6. The gas leak fault monitoring method for GIL (Gas Inlet and Outer Limit) pipe corridors according to claim 5, characterized in that, S5 includes the following specific steps: S51. Collect leakage monitoring signals and obtain the suspected leakage area located in real time by the leakage monitoring signals; S52. Set the overlapping area between the suspected leakage area and the high-risk area as the leakage point.
7. A gas leak fault monitoring system for GIL (Gas Intake Line) tunnels, used to implement the gas leak fault monitoring method for GIL tunnels as described in any one of claims 1-6, characterized in that, include: The operation parameter monitoring module is used to monitor the operation status parameters of key circuit nodes in the utility tunnel in real time, including partial discharge signals, abnormal temperature rise, harmonic distortion rate, and the concentration of characteristic gases from the pyrolysis of insulating materials. The dynamic debris generation module is used to quantify the debris type, particle size distribution and generation rate derived from circuit anomalies based on operating status parameters, and generate dynamic debris source terms. The erosion risk analysis module is used to obtain dynamic debris source terms, combine real-time flow field simulation of debris transport process, and analyze the dynamic erosion risk of pipe wall in real time. The risk area screening module is used to couple the dynamic erosion risk with the external environmental load to assess the probability of dynamic leakage risk and screen out high-risk areas.

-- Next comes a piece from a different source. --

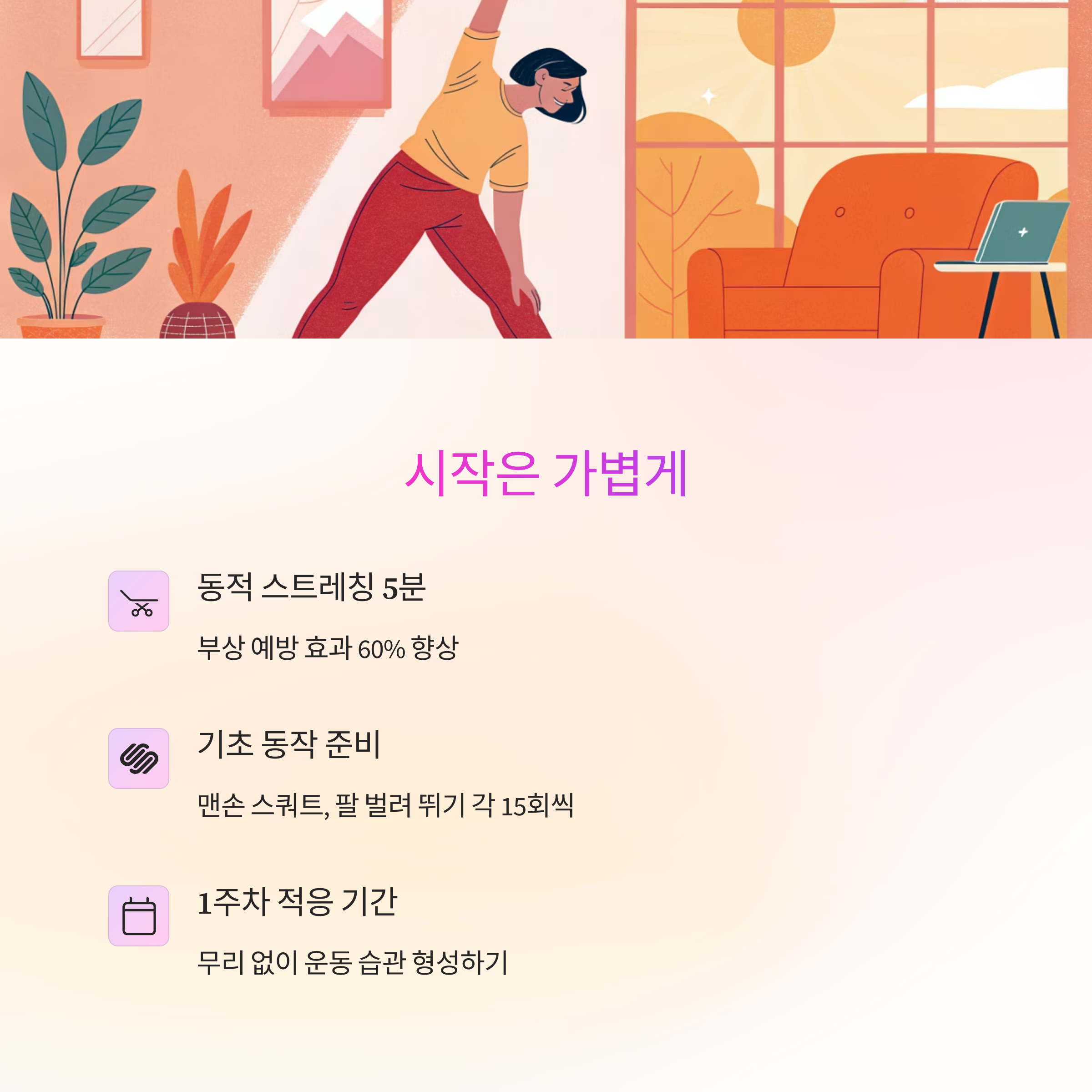"부담 없는 시작이 운동 지속의 열쇠입니다".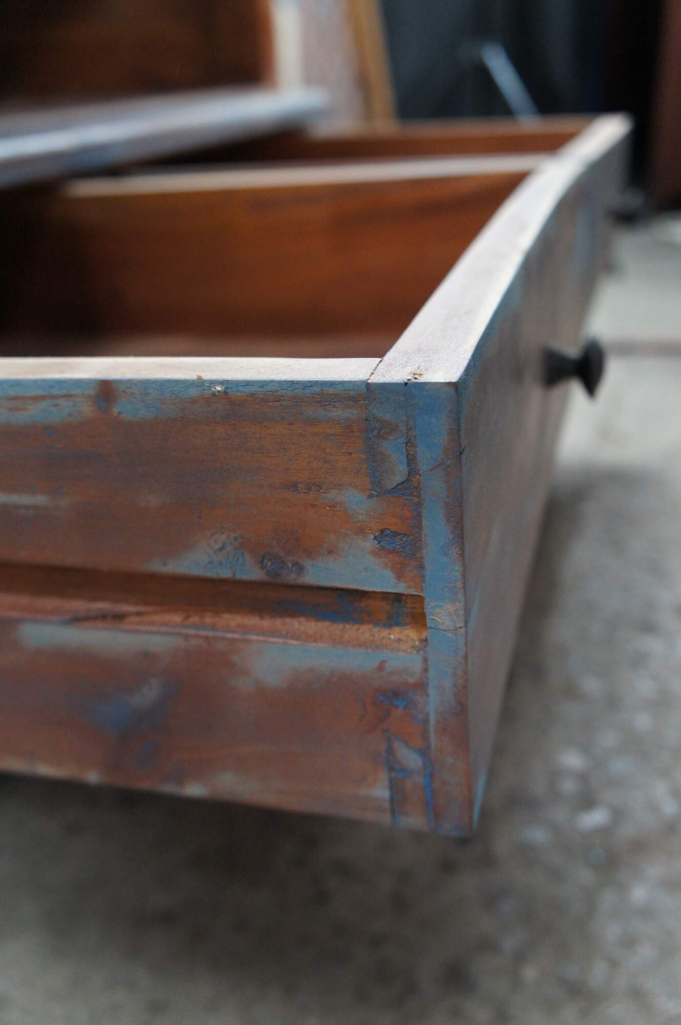 Good vintage condition, wear and distressing commensurate with age and use, missing doors, paint wear, fading, scuffing, damaged bottom left corner

The leak point location module is used to collect leak monitoring signals, spatially match the suspected leak areas located by the leak monitoring signals with the screened high-risk areas, and locate the leak point.
8. A storage medium, characterized in that, The storage medium includes stored instructions, wherein, when the instructions are executed, the device containing the storage medium is controlled to perform the gas leak fault monitoring method for GIL pipe corridors as described in any one of claims 1-6.
9. An electronic device, characterized in that, It includes a memory, and one or more instructions, wherein one or more instructions are stored in the memory and configured to be executed by one or more processors as described in any one of claims 1-6 for gas leak fault monitoring of GIL pipe racks.